The migration of Large Language Models (LLMs) from cloud clusters to edge devices promises enhanced privacy and offline accessibility, but this transition encounters a harsh reality: the physical constraints of mobile batteries, thermal limits, and, most importantly, memory constraints. To navigate this landscape, we constructed a reproducible experimental pipeline to profile the complex interplay between energy consumption, latency, and quality. Unlike theoretical studies, we captured granular power metrics across eight models ranging from 0.5B to 9B parameters without requiring root access, ensuring our findings reflect realistic user conditions. We harness this pipeline to conduct an empirical case study on a flagship Android device, the Samsung Galaxy S25 Ultra, establishing foundational hypotheses regarding the trade-offs between generation quality, performance, and resource consumption. Our investigation uncovered a counter-intuitive quantization-energy paradox. While modern importance-aware quantization successfully reduces memory footprints to fit larger models into RAM, we found it yields negligible energy savings compared to standard mixed-precision methods. This proves that for battery life, the architecture of the model, not its quantization scheme, is the decisive factor. We further identified that Mixture-of-Experts (MoE) architectures defy the standard size-energy trend, offering the storage capacity of a 7B model while maintaining the lower energy profile of a 1B to 2B model. Finally, an analysis of these multi-objective trade-offs reveals a pragmatic sweet spot of mid-sized models, such as Qwen2.5-3B, that effectively balance response quality with sustainable energy consumption.

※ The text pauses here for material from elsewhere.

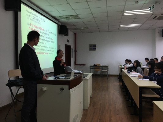 10月29日下午,奉贤校区E教的105教室里传来整齐而响亮的读书声:“君子曰:学不可以已。青,取之于蓝,而青于蓝;冰,水为之,而寒于水。”一场由365完美体育大学英语教学部教师吴承钧主讲的题为“中西思维差异对英语读写的影响”的讲座正在如火如荼地进行。本次活动是大学英语党支部教师深入开展“两学一做”学习教育,以知促行开展的“周末公益讲座”暨2016级“励志明德班”共建活动英语学习系列讲座的第四讲。

翻译：大语言模型（LLMs）从云端集群向边缘设备的迁移，虽然有望增强隐私保护与离线可用性，但这一转变面临着严酷的现实：移动电池的物理限制、热限，以及最重要的——内存约束。为应对这一挑战，我们构建了一个可复现的实验管道，用于剖析能耗、延迟和质量之间复杂的相互作用。与理论研究不同，我们在无需获取根权限的情况下，捕获了从0.5B到9B参数的八种模型的精细功耗指标，确保我们的发现反映了真实用户条件。我们利用这一管道，在旗舰安卓设备三星Galaxy S25 Ultra上进行了一项实证案例研究，建立了关于生成质量、性能与资源消耗之间权衡的基本假设。我们的调查揭示了一个反直觉的量化-能量悖论。尽管现代重要性感知量化成功减少了内存占用，使更大模型能装入RAM，但我们发现，与标准混合精度方法相比，它带来的能量节省微乎其微。这证明了对于电池寿命而言，模型架构而非其量化方案才是决定性因素。我们进一步发现，混合专家（MoE）架构打破了标准尺寸-能量趋势，能够在保持1B至2B模型较低能耗水平的同时，提供7B模型的存储容量。最后，对这些多目标权衡的分析揭示了一个务实的中间地带：如Qwen2.5-3B这类中等规模模型，能在响应质量与可持续能耗之间实现有效平衡。